**Recorded data**
-- -- --
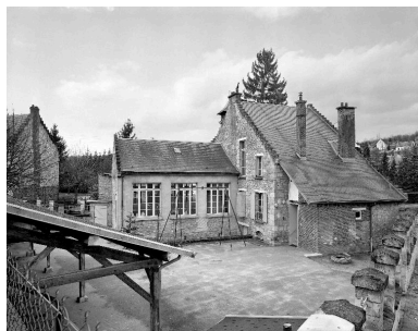
Vue générale des élévations sur cour.
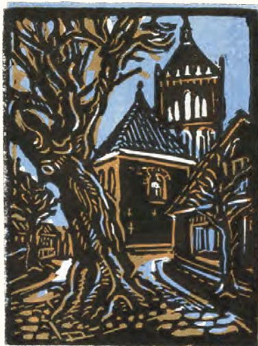
Peter Kooij, Ost-Friesland , lino, 2009, 95 x 72 mm.

> Peter Kooij, Taormina , lino, 2016, 115 x 82 mm.
-- -- --
**Instructions to follow**
Omitting all images, print the listing exactly.

**Answer for this exercise**
Vue générale des élévations sur cour.
Peter Kooij, Ost-Friesland , lino, 2009, 95 x 72 mm.

> Peter Kooij, Taormina , lino, 2016, 115 x 82 mm.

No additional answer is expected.